UK Coal, which wants to extract 500,000 tonnes of coal from the Bradley site, near Consett, County Durham, is to take its case to the High Court.
Durham County Council refused planning permission after a passionate campaign by Derwent Valley residents last year.
In February, planning inspector Stuart Nixon dismissed an appeal by the energy company following a threeweek public inquiry at Leadgate Workingmen’s Club.
A bundle of legal documents has since been submitted to the Queen’s Bench Division of the High Court of Justice, in Leeds, in which UK Coal’s barrister, Andrew Fraser- Urquhart, says: “The inspector misunderstood the appropriate approach and this misunderstanding fundamentally affected his consideration of the entirety of the evidence.

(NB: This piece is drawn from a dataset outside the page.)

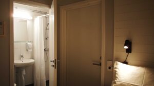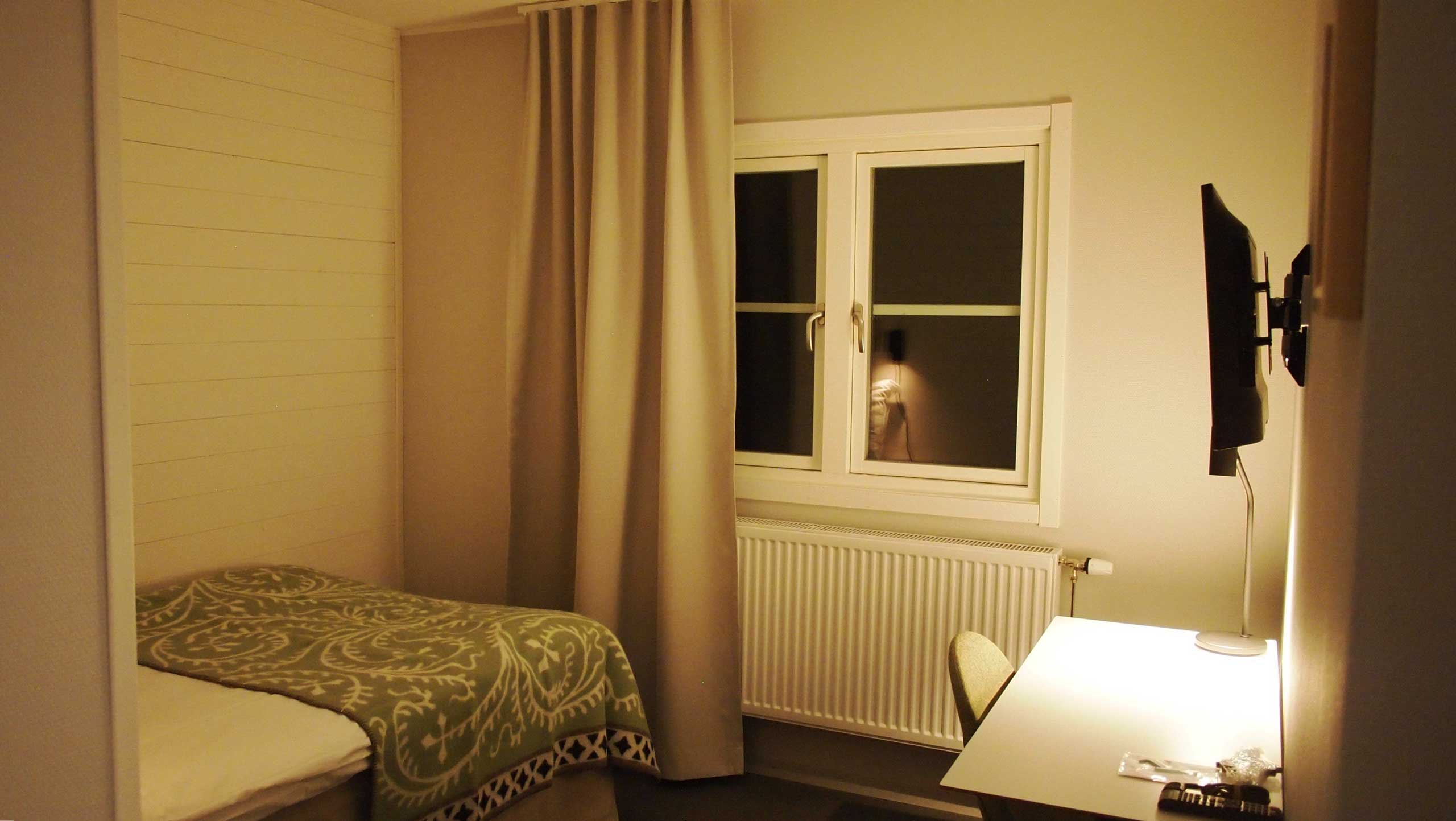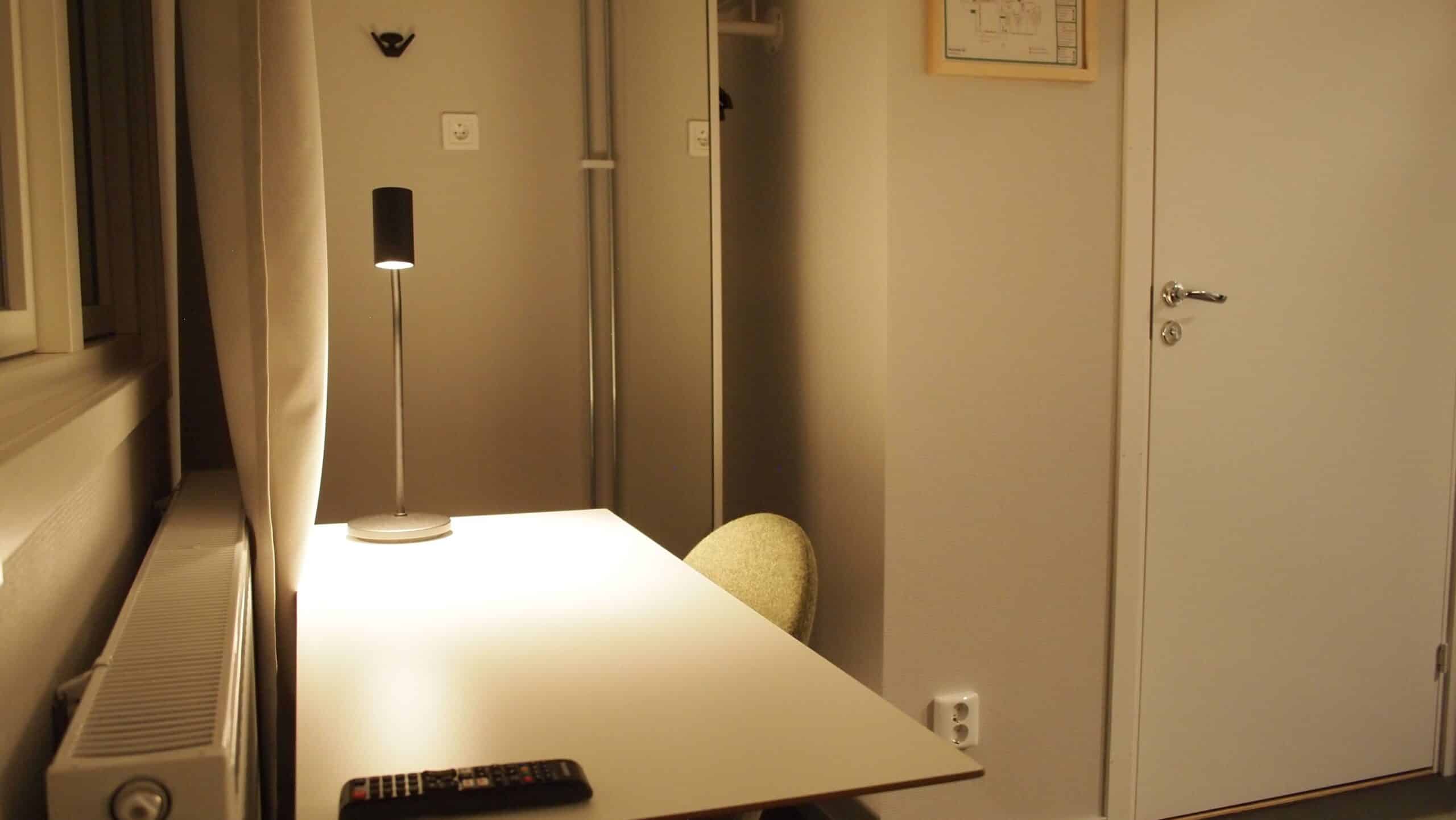 – 120 cm säng – Badrum med toalett, dusch, handfat och handdukstork – Skrivbord och stol – Avlastningsmöbel – Helkroppsspegel – Klädhängare – TV med baskanaler

“The inspector made a series of findings, all of which were relevant to the weight to be attributed to matters which form part of his overall balancing exercise, which were not based upon any evidence which was before the inquiry.”
News of the legal challenge is a hammer blow for protestors, who described the development as “environmental vandalism”.
Their concerns included the impact opencasting would have on the landscape, ecology and wildlife of the area, as well disruption to their quality of life because of dirt, noise and the amount of heavy trucks on the roads.
Joanne Carr, chairwoman of Dipton Community Partnership, said: “Most members of the community were ecstatic when the inspector ruled the dismissal of the appeal by UK Coal to allow opencast coal extraction on the Bradley Site.
“Many are now feeling sickened that UK Coal is to mount a legal challenge on the grounds that the appeal was dismissed on erroneous interpretation of the law. As a community, we feel utterly disempowered.”